** Excerpted records follows **
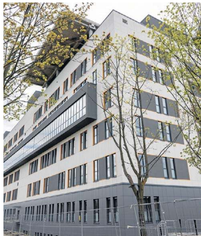
Budowa, która miała zakończyć się w 2023 r., w tym roku może zostawić wznowiona.

Pod koniec lutego 2026 r. otwarto oferty w przetargu na kontynuację prac. Collegium Medicum UMK planowało wydać 120 mln zł. Zgłosiły się cztery podmioty, które zaoferowały ceny od 211 do 230 mln zł. Gdy pytaliśmy o losy postępowania przetargowego w kwietniu, zespół prasowy uczelni
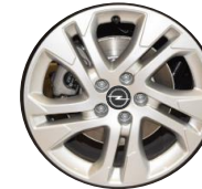
17-ZOLL-LEICHTMETALLFELGE ZHZZ 650,00 (773,50)
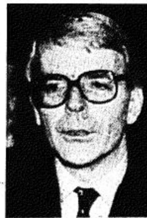
مع الجيش الجمهوري الأيرلندي مطبق العام الجاري. وهي أول مرة تعترف فيها الحكومة

لندن ١٦ أ. ف. ب. أكد وزير الخارجية الأيرلندي ديك سبرينغ أمس أن القبة البريطانية الأيرلندية المقلدة مستعد على الأرجح مطبخ كسانون الأول/ديسمبر المقبل في دبلن. وكانت الحكومة البريطانية قد أعلنت الإبقاء على المخفي أن أي موعده لم يحدد رسمياً. القبة البريطانية الأيرلندية حول أيرلندا الشمالية مما يعزدي شائعات تحدثت عن إرجاء هذا اللقاء الذي كان مقرراً أصلاً في الثالث من الشهر المقبل. ونفى سبرينغ أن تكون القبة قد تاجلت. وقال إن الموعد المقرر كان بداية كانون الأول/ديسمبر ولكن مثل العادة لكي يجتمع رجال مشغولان جداً أي رئيساً ووزيراً بريطانيا وأيرلندا، يحتاج الأمر إلى بعض المرونة. وأشار سبرينغ إلى إمكانية توصيل الطرفين في تسوية النزاع أيرلندا الشمالية بين الجمهوريين الكاثوليك والوحدويين البروتستانت. وقد وجه زعماء هذين الحزبين يوم السبت دعوات متناقضة إلى رئيس الوزراء البريطاني جون ميجور لحل الأزمة في أيرلندا الشمالية. فبينما طالب الحزب الديمقراطي السويدي «سيرستانت» بمحاكمة السلطات الأيرلندية وما الحزب الاجتماعي الديمقراطي والعمالي كاثوليك، لندن إلى العمل مع الحكومة الأيرلندية التي تصل إلى اتفاقات سلام. من ناحية أخرى اعترفت الحكومة البريطانية لأول مرة بأنها تبادلت رسائل مع الجيش الجمهوري الأيرلندي المتمرد في كانون الأول/ديسمبر.
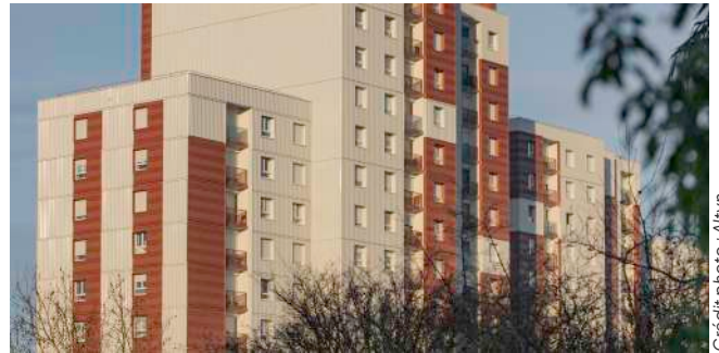
Une rénovation innovante au Mans grâce au programme Energiesprong

À venir en 2025 : 200 logements neufs répartis sur Sablé-sur-Sarthe, Allonnes, Notre-Dame-du-Pé, La Flèche, Mamers, Saint-Ouen-en-Belin, Malicorne, Montval-sur-Loir.
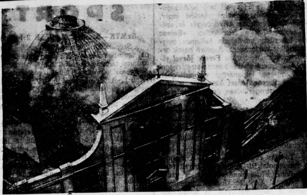
A madridi zavargásokból: Ég a jezsuiták madridi kolostora.
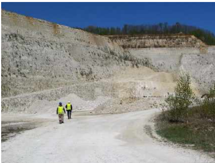
Krijtgroeve bij Haccourt
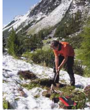
Abb. 2: Entnahme einer Bodenprobe im Fimbertal im Sommer 2011.

Nach den Sondierungen wurden Bodenprofile an 14 verschiedenen Standorten zwischen 1850 m ü. M. (subalpine Stufe) und 2540 m ü. M. (alpine Stufe) angelegt (Abb. 1). Die Ansprache der Böden wurde mit Hilfe der Bodenkundlichen Kartieranleitung (2005) durchgeführt. Neben der Bestimmung von bodenkund-
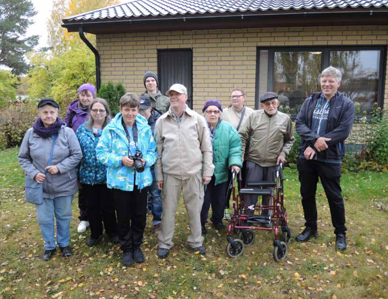
Tutustumassa Suomen Kuurosokeat ry:lle lahjoitettuun kiinteistöön.

"Useat kuurosokeat ja työntekijät antoivat ideoita mökin ja alueen viimeistelyyn. Havaittavissa oli yhdessä suunnittelemisen ja tekemisen iloa."
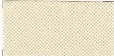
RS - 117 pearl
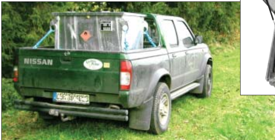
Typ MT 450, passt auch auf jeden Pick-up!
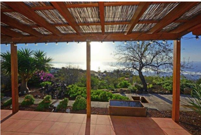
Überdachte Terrasse, fantastischer Atlantikblick
** End of Excerpted records **
[Task prompt]
Please make an exact copy of the records, leaving out any picture.

[Your solution]
Budowa, która miała zakończyć się w 2023 r., w tym roku może zostawić wznowiona.

Pod koniec lutego 2026 r. otwarto oferty w przetargu na kontynuację prac. Collegium Medicum UMK planowało wydać 120 mln zł. Zgłosiły się cztery podmioty, które zaoferowały ceny od 211 do 230 mln zł. Gdy pytaliśmy o losy postępowania przetargowego w kwietniu, zespół prasowy uczelni
17-ZOLL-LEICHTMETALLFELGE ZHZZ 650,00 (773,50)
مع الجيش الجمهوري الأيرلندي مطبق العام الجاري. وهي أول مرة تعترف فيها الحكومة

لندن ١٦ أ. ف. ب. أكد وزير الخارجية الأيرلندي ديك سبرينغ أمس أن القبة البريطانية الأيرلندية المقلدة مستعد على الأرجح مطبخ كسانون الأول/ديسمبر المقبل في دبلن. وكانت الحكومة البريطانية قد أعلنت الإبقاء على المخفي أن أي موعده لم يحدد رسمياً. القبة البريطانية الأيرلندية حول أيرلندا الشمالية مما يعزدي شائعات تحدثت عن إرجاء هذا اللقاء الذي كان مقرراً أصلاً في الثالث من الشهر المقبل. ونفى سبرينغ أن تكون القبة قد تاجلت. وقال إن الموعد المقرر كان بداية كانون الأول/ديسمبر ولكن مثل العادة لكي يجتمع رجال مشغولان جداً أي رئيساً ووزيراً بريطانيا وأيرلندا، يحتاج الأمر إلى بعض المرونة. وأشار سبرينغ إلى إمكانية توصيل الطرفين في تسوية النزاع أيرلندا الشمالية بين الجمهوريين الكاثوليك والوحدويين البروتستانت. وقد وجه زعماء هذين الحزبين يوم السبت دعوات متناقضة إلى رئيس الوزراء البريطاني جون ميجور لحل الأزمة في أيرلندا الشمالية. فبينما طالب الحزب الديمقراطي السويدي «سيرستانت» بمحاكمة السلطات الأيرلندية وما الحزب الاجتماعي الديمقراطي والعمالي كاثوليك، لندن إلى العمل مع الحكومة الأيرلندية التي تصل إلى اتفاقات سلام. من ناحية أخرى اعترفت الحكومة البريطانية لأول مرة بأنها تبادلت رسائل مع الجيش الجمهوري الأيرلندي المتمرد في كانون الأول/ديسمبر.
Une rénovation innovante au Mans grâce au programme Energiesprong

À venir en 2025 : 200 logements neufs répartis sur Sablé-sur-Sarthe, Allonnes, Notre-Dame-du-Pé, La Flèche, Mamers, Saint-Ouen-en-Belin, Malicorne, Montval-sur-Loir.
A madridi zavargásokból: Ég a jezsuiták madridi kolostora.
Krijtgroeve bij Haccourt
Abb. 2: Entnahme einer Bodenprobe im Fimbertal im Sommer 2011.

Nach den Sondierungen wurden Bodenprofile an 14 verschiedenen Standorten zwischen 1850 m ü. M. (subalpine Stufe) und 2540 m ü. M. (alpine Stufe) angelegt (Abb. 1). Die Ansprache der Böden wurde mit Hilfe der Bodenkundlichen Kartieranleitung (2005) durchgeführt. Neben der Bestimmung von bodenkund-
Tutustumassa Suomen Kuurosokeat ry:lle lahjoitettuun kiinteistöön.

"Useat kuurosokeat ja työntekijät antoivat ideoita mökin ja alueen viimeistelyyn. Havaittavissa oli yhdessä suunnittelemisen ja tekemisen iloa."
RS - 117 pearl
Typ MT 450, passt auch auf jeden Pick-up!
Überdachte Terrasse, fantastischer Atlantikblick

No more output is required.